Excel statistical functions: VAR and VARP improvements and pivot tables

Applies to: Microsoft Office Excel 2007

Summary

The Microsoft Office Excel statistical functions, VAR and VARP, are computed with better precision in Microsoft Office Excel 2003 and later versions of Excel. The same algorithmic improvements were made for VAR and VARP when used to summarize data for pivot tables. Unfortunately, some computational issues remain unresolved. Use extreme caution when you summarize data with VAR and VARP in Excel 2003 and later versions of Excel. This article describes the remaining problem.

You may notice different values when worksheets that were created in earlier versions of Excel are recalculated in Excel 2003 and later versions of Excel.
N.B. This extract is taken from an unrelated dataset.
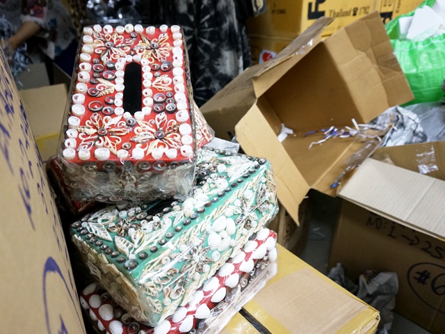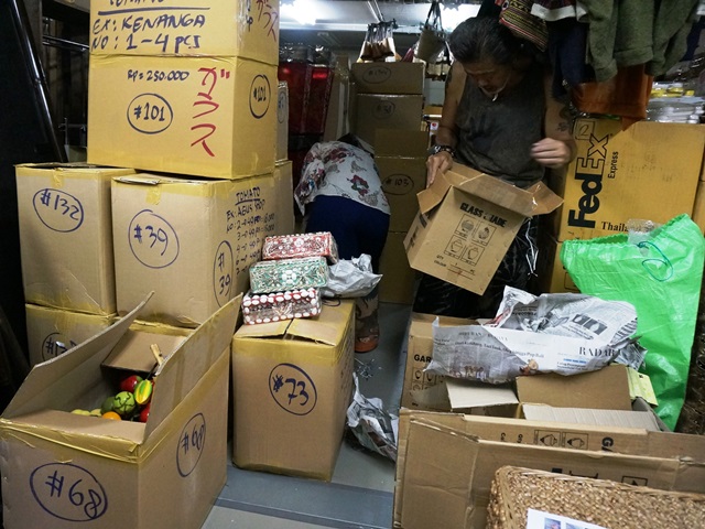 倉庫の中。奥の方まで箱が山積み。

This article describes the values that are more accurate in Excel 2003 and later versions of Excel and the values that are less accurate.
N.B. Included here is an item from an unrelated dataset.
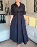 SPECIFICATIONS Style: Casual Material: Cotton Blends Dress Type: Shirt Dress Length: Maxi Neckline: Lapel Pattern Type: Solid Color Sleeve Type: Regular sleeve Sleeve Length: 3/4 Sleeve Fit Type: Regular Season: Fall,Winter Occasion: Daily,Work Package Includes: 1 x Dress SIZE TABLE Size Bust Length CM INCH CM INCH S 95 37.4 ...

Microsoft Excel 2004 for Macintosh Information

The statistical functions in Microsoft Office Excel 2004 for Macintosh were updated using the same algorithms as Excel 2003 and later versions of Excel. Any information in this article that describes how a function works or how a function was modified for Excel 2003 and later versions of Excel also applies to Excel 2004 for Macintosh.

The articles on VAR and VARP describe how a two-pass procedure has replaced the "calculator formula" for computing these measures. With infinite precision arithmetic, both procedures return the same results and the calculator formula takes half the computation time. However, with finite precision arithmetic, the potential for round off errors becomes a factor. The result of using the two-pass procedure is less susceptibility to round off errors in extreme situations in Excel 2003 and later versions of Excel. However, you may not notice the effect of these improvements because for most data sets, there are not enough significant digits in the data to cause different results from the calculator formula and the two-pass procedure. VAR and VARP are always more accurate in Excel 2003 and later versions of Excel, but VAR and VARP differences between earlier versions of Excel and Excel 2003 are likely to be noticeable only when data values contain many significant digits and yet have small variation.
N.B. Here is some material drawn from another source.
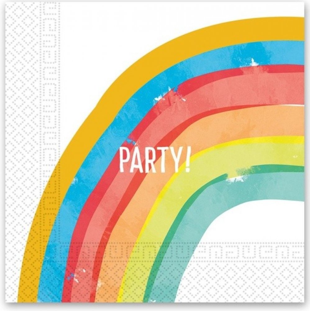 DUHOVÉ PAPÍROVÉ UBROUSKY Rozměry ubrousku: 33 x 33 cm Barva: Vícebarevná Potisk: Rainbow, nápis Party! Materiál: papír Počet kusů v balení: 20
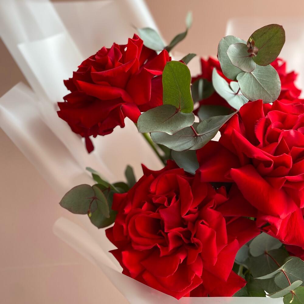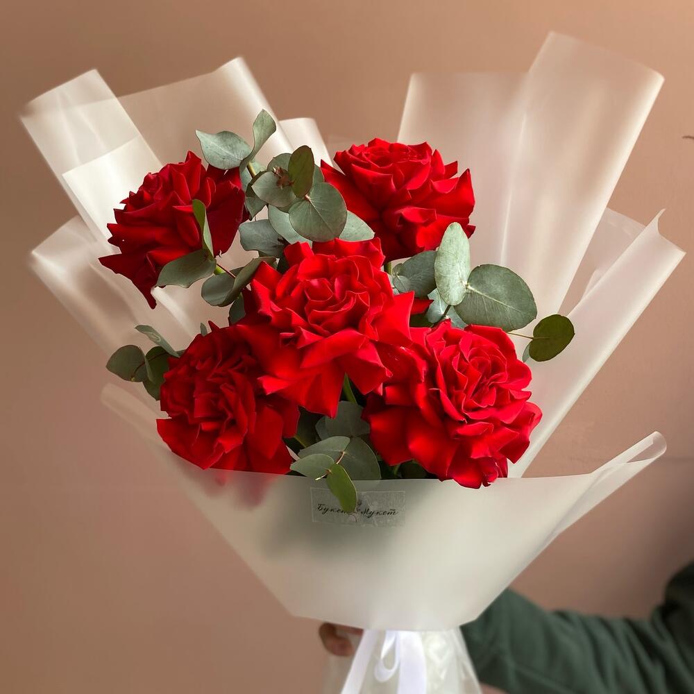 Роза красная – 5 шт.Эвкалипт – 2 шт.Лента атласная – 1 шт.Пленка матовая – 2 шт.

Microsoft recommends that you read the article about VAR because it explains modifications in the computational procedure and it also provides a worksheet for more extensive experimentation with adding a power of ten to data values. For additional information about VAR, click the following article number to view the article in the Microsoft Knowledge Base:
826112 Excel Statistical Functions: VAR

The intent of the improvements was to also improve separate code for computing VAR for summarizing data in pivot tables. This code has been improved for part of the pivot table, but problems remain unresolved for other parts. The numeric example later in this article helps clarify the situation.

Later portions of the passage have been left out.